== Exercise inputs ==

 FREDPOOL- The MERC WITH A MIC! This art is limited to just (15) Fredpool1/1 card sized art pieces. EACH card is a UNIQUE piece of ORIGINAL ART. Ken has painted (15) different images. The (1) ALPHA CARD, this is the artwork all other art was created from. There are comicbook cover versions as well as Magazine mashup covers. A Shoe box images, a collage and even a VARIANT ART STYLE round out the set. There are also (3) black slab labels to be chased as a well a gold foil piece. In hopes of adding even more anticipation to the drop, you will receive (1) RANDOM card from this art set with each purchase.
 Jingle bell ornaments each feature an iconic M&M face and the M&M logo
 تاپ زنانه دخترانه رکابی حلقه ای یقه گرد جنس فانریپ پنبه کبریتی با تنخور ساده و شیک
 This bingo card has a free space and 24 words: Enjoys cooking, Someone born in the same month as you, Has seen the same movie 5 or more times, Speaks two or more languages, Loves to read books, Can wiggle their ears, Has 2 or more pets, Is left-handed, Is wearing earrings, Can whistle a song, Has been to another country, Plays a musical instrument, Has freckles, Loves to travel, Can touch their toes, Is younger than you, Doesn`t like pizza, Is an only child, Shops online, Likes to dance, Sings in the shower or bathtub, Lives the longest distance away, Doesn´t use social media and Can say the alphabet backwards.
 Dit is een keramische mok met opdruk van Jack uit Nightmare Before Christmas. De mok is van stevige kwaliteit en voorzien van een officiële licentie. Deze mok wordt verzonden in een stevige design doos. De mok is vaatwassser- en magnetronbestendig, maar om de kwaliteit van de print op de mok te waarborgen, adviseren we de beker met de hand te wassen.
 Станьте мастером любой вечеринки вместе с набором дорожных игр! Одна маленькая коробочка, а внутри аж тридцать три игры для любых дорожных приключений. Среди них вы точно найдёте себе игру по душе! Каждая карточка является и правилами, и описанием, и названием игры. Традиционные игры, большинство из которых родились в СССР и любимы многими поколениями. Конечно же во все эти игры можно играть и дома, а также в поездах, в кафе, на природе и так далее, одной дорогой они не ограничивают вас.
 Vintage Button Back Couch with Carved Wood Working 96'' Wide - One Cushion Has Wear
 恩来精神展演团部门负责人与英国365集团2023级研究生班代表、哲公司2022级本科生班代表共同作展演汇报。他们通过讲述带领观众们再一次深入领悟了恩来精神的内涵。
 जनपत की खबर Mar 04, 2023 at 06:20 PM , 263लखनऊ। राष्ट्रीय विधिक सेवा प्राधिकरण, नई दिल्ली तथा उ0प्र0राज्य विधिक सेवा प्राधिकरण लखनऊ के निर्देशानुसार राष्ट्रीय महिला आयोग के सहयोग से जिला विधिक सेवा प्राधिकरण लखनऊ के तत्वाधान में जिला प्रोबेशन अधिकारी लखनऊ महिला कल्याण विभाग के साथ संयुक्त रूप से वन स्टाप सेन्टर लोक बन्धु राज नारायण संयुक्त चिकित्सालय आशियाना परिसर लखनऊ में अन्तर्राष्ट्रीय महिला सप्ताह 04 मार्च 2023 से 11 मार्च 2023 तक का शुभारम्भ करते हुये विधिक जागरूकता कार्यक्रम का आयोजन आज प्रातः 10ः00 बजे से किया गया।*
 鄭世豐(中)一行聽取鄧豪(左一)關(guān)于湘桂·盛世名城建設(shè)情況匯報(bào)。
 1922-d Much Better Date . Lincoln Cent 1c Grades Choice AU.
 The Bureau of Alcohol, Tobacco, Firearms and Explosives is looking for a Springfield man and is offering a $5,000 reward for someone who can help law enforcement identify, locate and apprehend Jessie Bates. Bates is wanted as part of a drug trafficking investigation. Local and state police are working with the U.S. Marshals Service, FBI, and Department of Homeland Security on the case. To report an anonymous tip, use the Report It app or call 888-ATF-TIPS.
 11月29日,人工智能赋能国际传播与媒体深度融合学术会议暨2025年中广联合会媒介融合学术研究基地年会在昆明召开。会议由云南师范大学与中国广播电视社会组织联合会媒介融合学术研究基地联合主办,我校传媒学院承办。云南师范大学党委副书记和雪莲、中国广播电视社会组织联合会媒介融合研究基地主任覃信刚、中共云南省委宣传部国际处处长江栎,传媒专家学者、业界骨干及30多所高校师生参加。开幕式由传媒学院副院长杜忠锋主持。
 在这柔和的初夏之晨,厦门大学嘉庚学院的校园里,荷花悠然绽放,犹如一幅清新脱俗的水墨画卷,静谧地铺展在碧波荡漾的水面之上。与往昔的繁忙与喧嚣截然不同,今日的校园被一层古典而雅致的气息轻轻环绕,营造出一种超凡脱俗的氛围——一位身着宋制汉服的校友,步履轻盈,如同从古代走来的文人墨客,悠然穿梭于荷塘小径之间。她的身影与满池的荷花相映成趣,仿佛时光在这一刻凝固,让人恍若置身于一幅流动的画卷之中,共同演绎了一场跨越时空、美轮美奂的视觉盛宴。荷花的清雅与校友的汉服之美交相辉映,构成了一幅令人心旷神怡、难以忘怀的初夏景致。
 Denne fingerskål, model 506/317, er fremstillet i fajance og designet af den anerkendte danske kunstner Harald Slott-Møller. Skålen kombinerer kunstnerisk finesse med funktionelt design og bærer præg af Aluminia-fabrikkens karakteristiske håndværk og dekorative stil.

===

→ **What you should do**:
Which lines above hold the string "more"? Copy every one of them.

→ **Output for this exercise**:
 FREDPOOL- The MERC WITH A MIC! This art is limited to just (15) Fredpool1/1 card sized art pieces. EACH card is a UNIQUE piece of ORIGINAL ART. Ken has painted (15) different images. The (1) ALPHA CARD, this is the artwork all other art was created from. There are comicbook cover versions as well as Magazine mashup covers. A Shoe box images, a collage and even a VARIANT ART STYLE round out the set. There are also (3) black slab labels to be chased as a well a gold foil piece. In hopes of adding even more anticipation to the drop, you will receive (1) RANDOM card from this art set with each purchase.
 This bingo card has a free space and 24 words: Enjoys cooking, Someone born in the same month as you, Has seen the same movie 5 or more times, Speaks two or more languages, Loves to read books, Can wiggle their ears, Has 2 or more pets, Is left-handed, Is wearing earrings, Can whistle a song, Has been to another country, Plays a musical instrument, Has freckles, Loves to travel, Can touch their toes, Is younger than you, Doesn`t like pizza, Is an only child, Shops online, Likes to dance, Sings in the shower or bathtub, Lives the longest distance away, Doesn´t use social media and Can say the alphabet backwards.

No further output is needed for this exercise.